> TASK REQUIREMENTS
Please report every line of the listing below that has the word "high" in it.

DATA section start

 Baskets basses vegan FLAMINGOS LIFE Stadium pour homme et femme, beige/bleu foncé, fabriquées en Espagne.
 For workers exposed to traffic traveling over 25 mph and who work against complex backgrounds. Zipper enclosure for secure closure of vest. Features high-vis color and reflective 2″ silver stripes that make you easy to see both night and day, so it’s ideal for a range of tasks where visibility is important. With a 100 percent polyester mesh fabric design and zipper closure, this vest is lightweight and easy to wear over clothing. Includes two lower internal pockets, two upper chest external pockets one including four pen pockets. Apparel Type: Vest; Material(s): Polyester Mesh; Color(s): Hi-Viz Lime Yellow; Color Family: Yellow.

DATA section end
DATA section start

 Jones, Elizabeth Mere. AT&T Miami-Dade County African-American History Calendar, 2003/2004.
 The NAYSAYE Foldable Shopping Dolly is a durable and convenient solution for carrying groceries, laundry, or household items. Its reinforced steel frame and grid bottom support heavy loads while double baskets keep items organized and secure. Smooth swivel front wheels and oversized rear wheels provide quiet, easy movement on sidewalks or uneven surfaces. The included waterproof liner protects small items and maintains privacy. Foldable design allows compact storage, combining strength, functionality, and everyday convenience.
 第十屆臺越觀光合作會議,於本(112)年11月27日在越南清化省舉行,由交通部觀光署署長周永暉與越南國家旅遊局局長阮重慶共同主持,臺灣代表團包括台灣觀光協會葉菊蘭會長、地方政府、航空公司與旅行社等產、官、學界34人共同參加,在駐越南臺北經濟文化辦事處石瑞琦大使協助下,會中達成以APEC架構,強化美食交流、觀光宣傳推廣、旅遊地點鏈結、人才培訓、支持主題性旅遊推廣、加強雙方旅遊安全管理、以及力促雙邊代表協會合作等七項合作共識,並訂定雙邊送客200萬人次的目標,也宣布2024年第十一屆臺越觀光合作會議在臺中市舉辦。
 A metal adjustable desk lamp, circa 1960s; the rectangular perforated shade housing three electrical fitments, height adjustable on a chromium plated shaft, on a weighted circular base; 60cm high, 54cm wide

DATA section end

> EXERCISE ANSWER
 For workers exposed to traffic traveling over 25 mph and who work against complex backgrounds. Zipper enclosure for secure closure of vest. Features high-vis color and reflective 2″ silver stripes that make you easy to see both night and day, so it’s ideal for a range of tasks where visibility is important. With a 100 percent polyester mesh fabric design and zipper closure, this vest is lightweight and easy to wear over clothing. Includes two lower internal pockets, two upper chest external pockets one including four pen pockets. Apparel Type: Vest; Material(s): Polyester Mesh; Color(s): Hi-Viz Lime Yellow; Color Family: Yellow.
 A metal adjustable desk lamp, circa 1960s; the rectangular perforated shade housing three electrical fitments, height adjustable on a chromium plated shaft, on a weighted circular base; 60cm high, 54cm wide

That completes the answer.